Wanted to get it off and bring it inside at least today but windchill and freezing rain said no way. Wind chill gets pretty bad, sun melts the ice and makes a puddle then the combo of wind and shade from standing there refreezes my boots to the ground. Really awesome to lay down in a puddle and then get froze to the ground.
...
My other unaccomplished task was pulling the cruise control daiphram. I think these might be "un-obtainium" so my plan is similar to the gasket i made for the broken off TPS.
Thoroughly soak a sheet of fabric in fipg, sandwich between two pieces of foil which makes a smooth patch panel, then glue it in place over the cracks on both sides. But untill it's in hand and eyes on, I won't know how bad it really is. The other option is a good bicycle patch kit, not the cheap rubber cement type but one with proper vulcanizing solution and uncured rubber, but that will only handle littler pin holes and not huge tears or degraded rubber.

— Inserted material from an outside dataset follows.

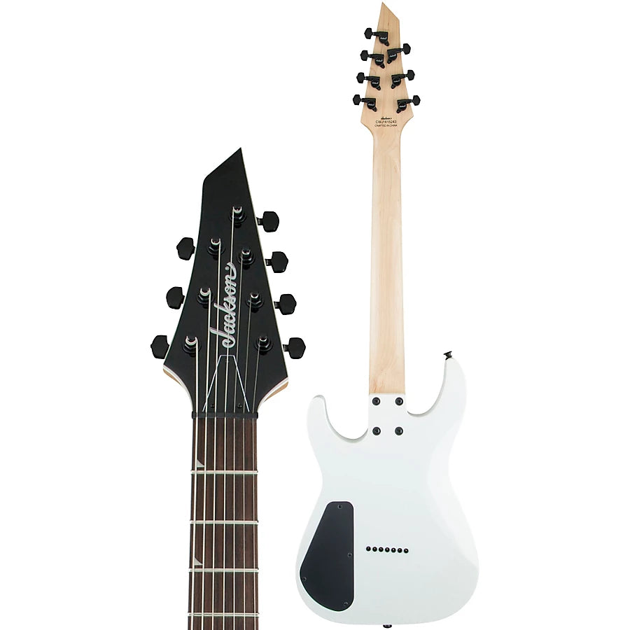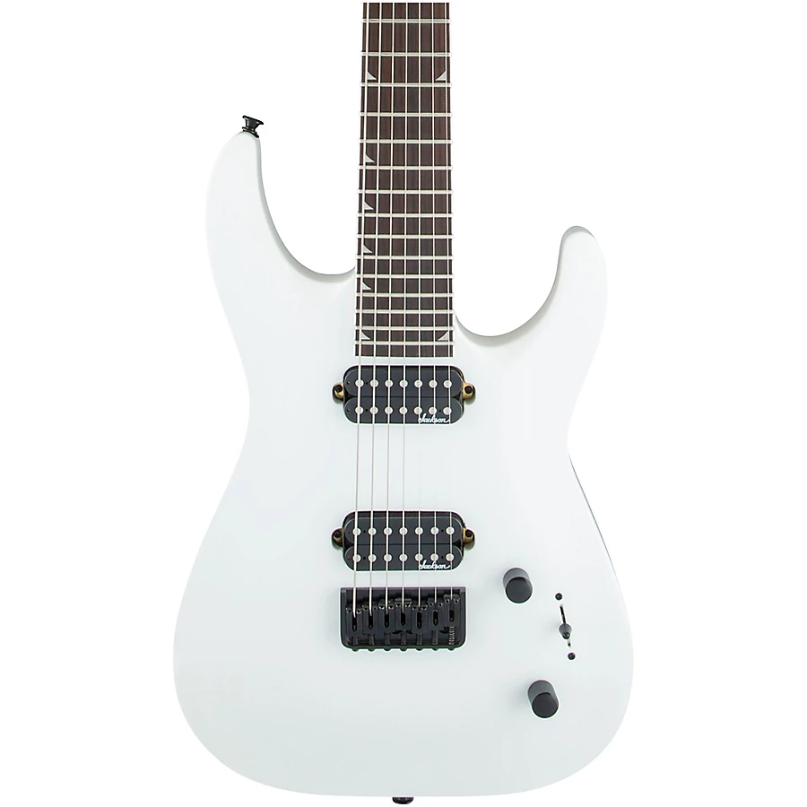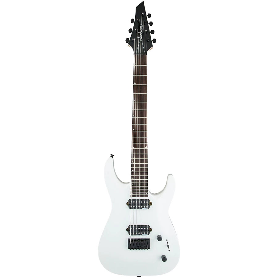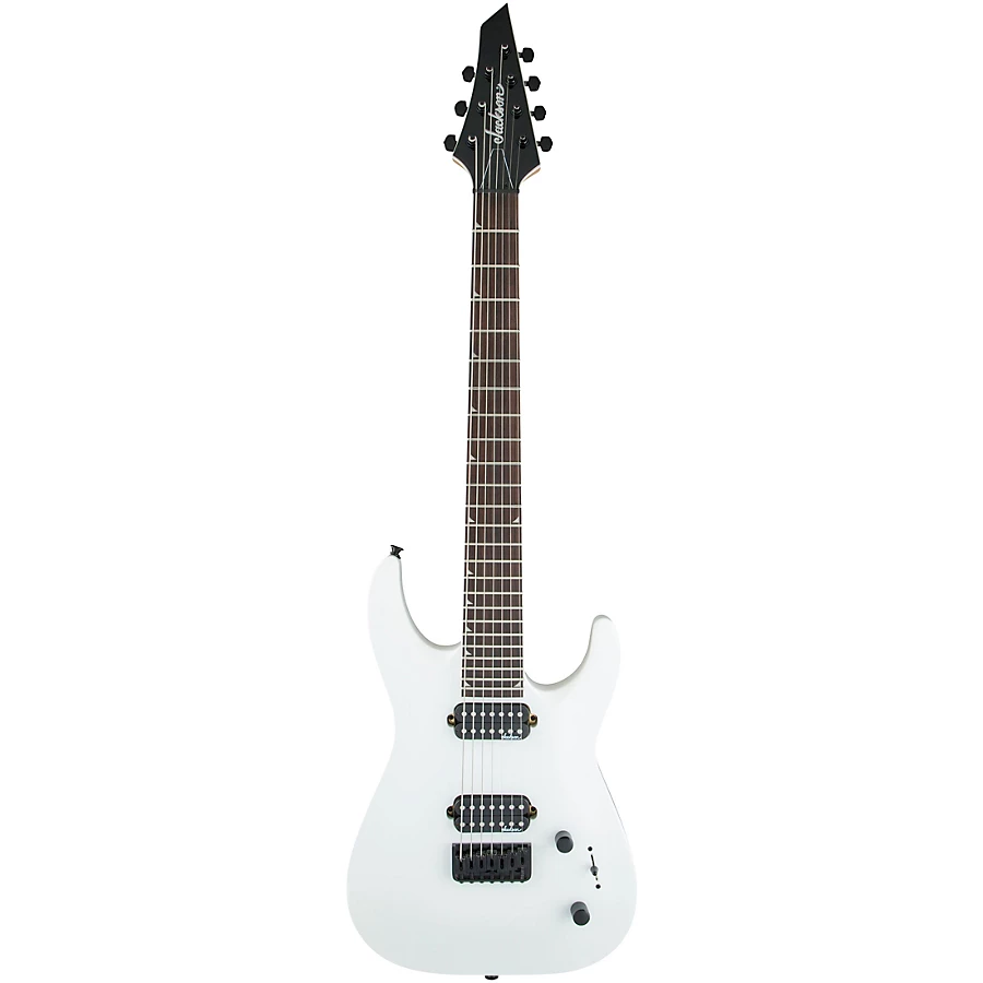 Powered by dual direct-mount Jackson high-output humbucking pickups, the JS32-7 DKA HT is also equipped with a three-way blade switch, single volume and tone controls, compensated string-through-body fixed Jackson HT7 bridge, sealed die-cast tuners and Jackson's 3x4 (3 over, 4 under) AT-1 headstock.
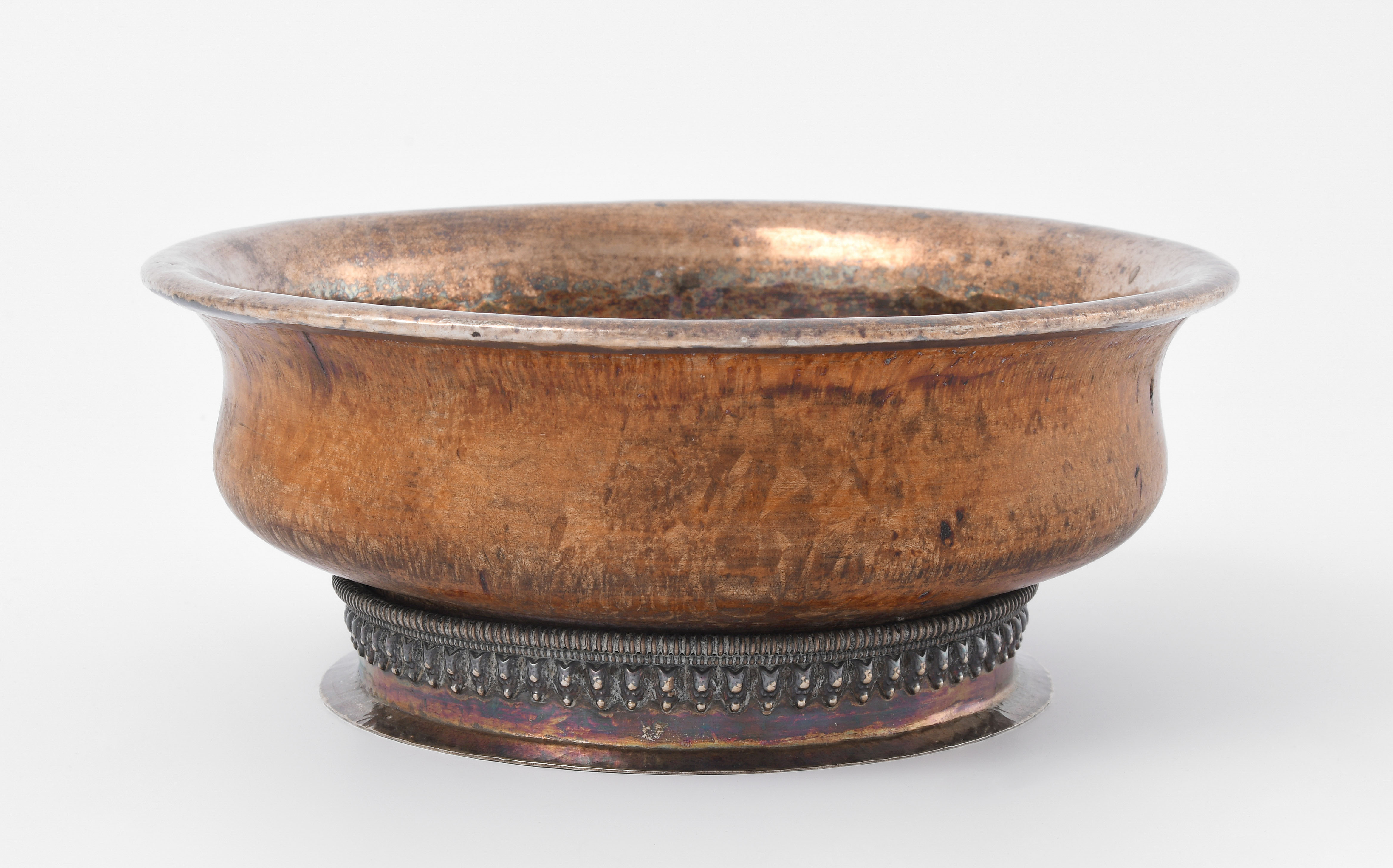 Tibet, 19./20.Jh. Wurzelholz, eingefasst und ausgekleidet mit Silberblech. Riss. H 7,5, Ø 18,5 cm.

When I was looking to add cruise control to the 94 I popped a few actuators open at the upull and found some had just dislodged from the seat and wouldn't need major repairs just cleaned and resandwiched between the two case halves. I actually repaired two onsite and left them sitting in a 4runner for the next hunter.
Still need eyes on to be certain. Once I know I can get the cable pulled reliably I'll run thru the rest of the system. I know I have switch issues at the column also from the other day running the diagnostics.

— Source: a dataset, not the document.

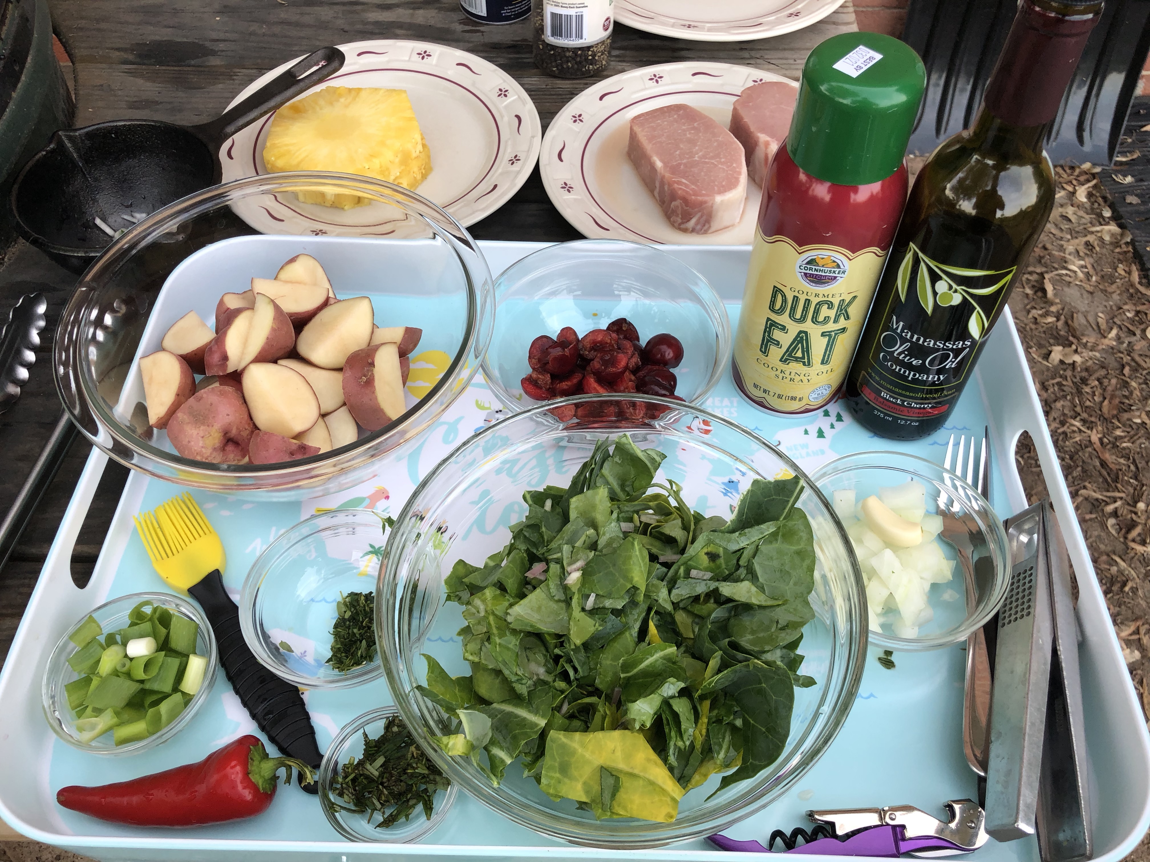 - While waiting for the grill to get to temperature, wash and slice the potatoes (season with kosher salt and pepper), prepare the cherries, wash and chopp the greens (go ahead and add a splash of apple cider vinegar with some salt and pepper), prepare the herbs, and slice the pineapple (see the picture above).
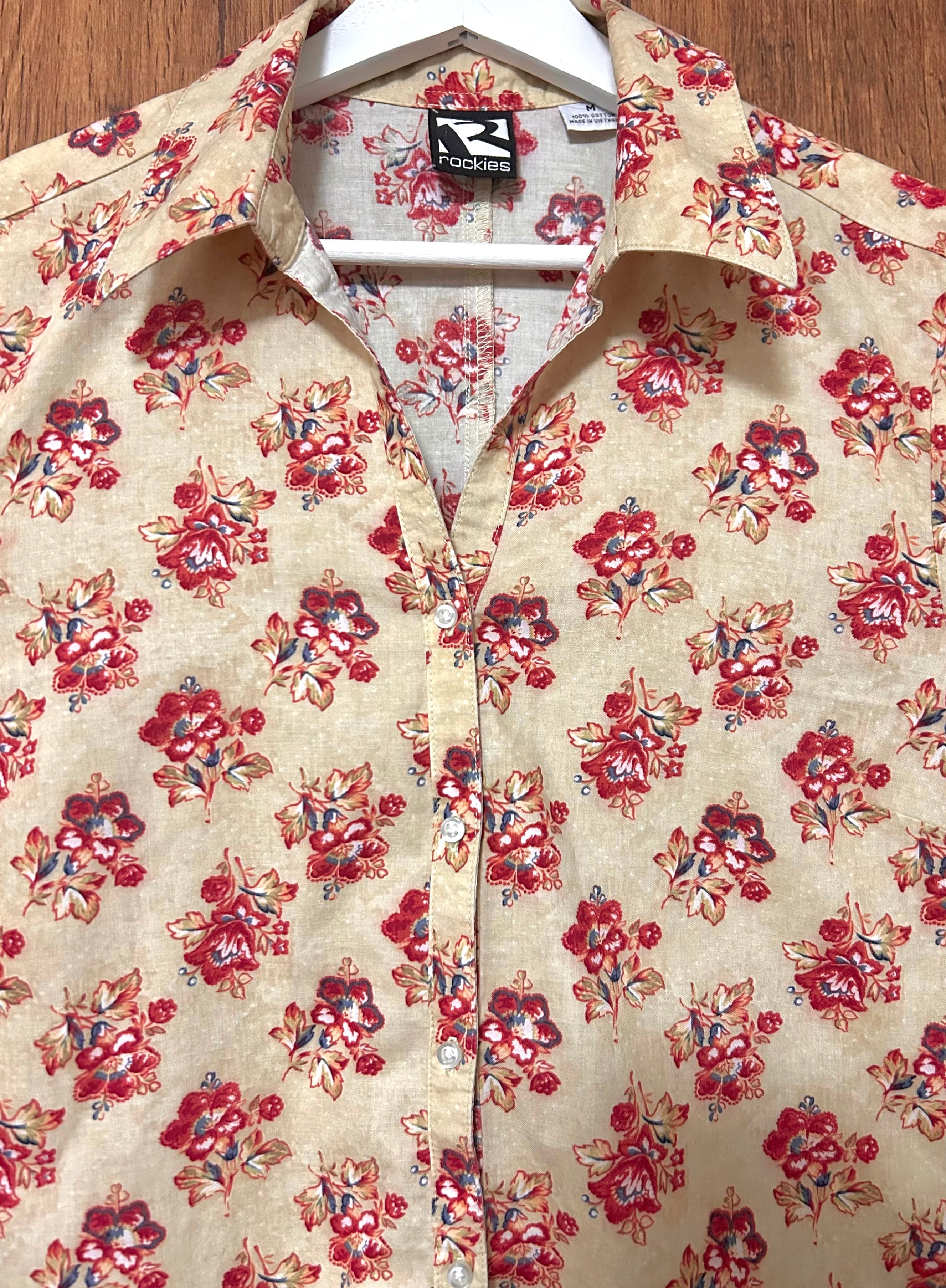 花柄 総柄 シャツ 長袖 ベージュ ウエスタン レトロ カントリー ガーリー おしゃれ かわいい 個性的 ヴィンテージ used vintage USA 古着/club723 クラブ723(N767)

.... Transmission, traction, lack of power?
Yesterday when we parked on the giant snow pile.
Tried the first time just in 2wd high, thinking the large tires should be enough to get one wheel perched atleast since it was pretty closed to center line on the tire, and didn't even hear the back tires break loose. That doesn't for sure mean they didn't break traction, but I sure didn't hear it and it wasn't obvious there was a "burn out" mark.
It took 4wd low range and a bit of a rolling start to get up on it. I didn't try without the rolling start, just figured it would be a waste of time.
So that leads me to running the torque converter stall test. I had equal RPM for drive and reverse, around 1600rpm indicated on the dash gauge. The book spec in the 88 FSM is 1900 ±150 22-RE, doesn't list the RTE seperate. Google pops up an "I get ~2200 at 4psi" post, I didn't watch the boost gauges so not sure what I have for boost when stalled at that low of an RPM maybe 2psi if I had one bar showing on the digital dash gauge.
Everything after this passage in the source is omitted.